Using the 19.82 Sept. images, we get the largest brightness variation, as in the animation below:
The data above clearly demonstrate at least a mid-term variability of the mentioned optical counterpart of NVSS J004354+404634. To confirm our discovery, we also queried the CRTS database, providing photometric data from 1 Nov. 2006 to 25 Oct. 2013.
This plot not only confirms our findings, but makes clear this source exhibits a long-term optical variability.
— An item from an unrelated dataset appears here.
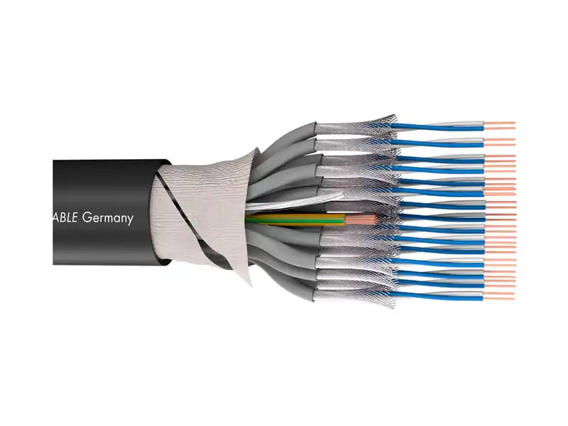 Multipárový audio AES/EBU kabel QUANTUM QMC48 poskytuje kvalitní vedení pro Live a studiové aplikace, ale nachází své místo i pro pevné instalace. Využití pro analogový a digitální přenos signálu. Použita vysoce kvalitní OFC měď s čistotou 99,99%. Lankové jádro vodiče s konstrukcí 36×0,07mm jemných spletených drátků s velmi nízkou kapacitou 45 pF. Díky tomuto jemnému spletení je kabel skvěle ohebný. Jednotlivé páry jsou v samostatném číslovaném S-PVC. Jemné měděné spirálové stínění s faktorem 98%. Odolný a extrémně ohebný S-PVC obal s dostatečně silnou stěnou o tloušťce 2mm. Hodnoty kabelu QUANTUM QMC48 – 48x symetrický kabel, průřez spletených páru 48x2x0,14mm, celkový průměr S-PVC 29mm, 98% stínění, hmotnost 1m 950g, teplotní rozsah použití -25°C až 80°C, barva černá.

Assuming data from the SDSS and GSC catalogues, we estimate the real range in R band should be around 5 mags, at least.
It is worth to note that the this radio source is also present in the Chandra and XMM X surveys.
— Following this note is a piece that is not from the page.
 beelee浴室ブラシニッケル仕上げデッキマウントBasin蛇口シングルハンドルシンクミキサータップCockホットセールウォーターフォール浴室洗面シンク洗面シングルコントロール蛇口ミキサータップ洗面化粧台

Good references for the source we analyzed here the The Million Quasars (Milliquas) catalogue, version 7.2 (Flesch, 2021) and Millions of Optical Radio/X-ray Associations (MORX) v2 (Flesch, 2023): both report a redshift z = 0.1 (from literature or estimated), with a probability for this optical source to be a quasar = 62%. If a quasar, the amplitude of its brightness variation is quite large and brightness variations are too fast.
Another interesting reference for the corresponding X-ray source is “Classification of Swift and XMM-Newton sources (Tranin+, 2022)“, where authors indicate a distance of 0.79 Mpc (roughly the distance of M31), adding it has a posterior probability to be a X-ray binary = 59% (and AGN = 40%).
The XMM-Newton spectral-fit redshift catalogue (Ruiz+, 2021) indicate a photometric redshift for the object z = 0.78.
We also mention that on 22 Aug. the MASTER survey spotted a transient at the position of our source on 22 Aug.,assuming it was a nova in M31: of course, it is not a nova, as our findings clearly show.
On 24 Sept. 2023, a spectrum was taken via the 1.82m telescope at Asiago Observatory, but it showed a low S/N ratio because of the very bright Moon and poor weather. Within these significant limitations, it is worth noting the absence of any strong feature. A better S/N spectrum is very desirable.
Our data, with large and fast brightness variations, as well as the absence of strong features in the spectrum (with all the limitations due to its low S/N) are suggestive of a blazar, in particular a BL Lac object, which is in fact dominated by synchrotron radiation (with no strong features), caught during a very bright flare.
I wish to thank dr. Lina Tomasella (INAF, Osservatorio Astronomico di Padova), dr. Makoto Uemura (Hiroshima University) and and Telescope Live for the precious support and fruitful discussion.
We will continue monitoring the optical behavior of this interesting target, s well as checking the literature for details we missed so far.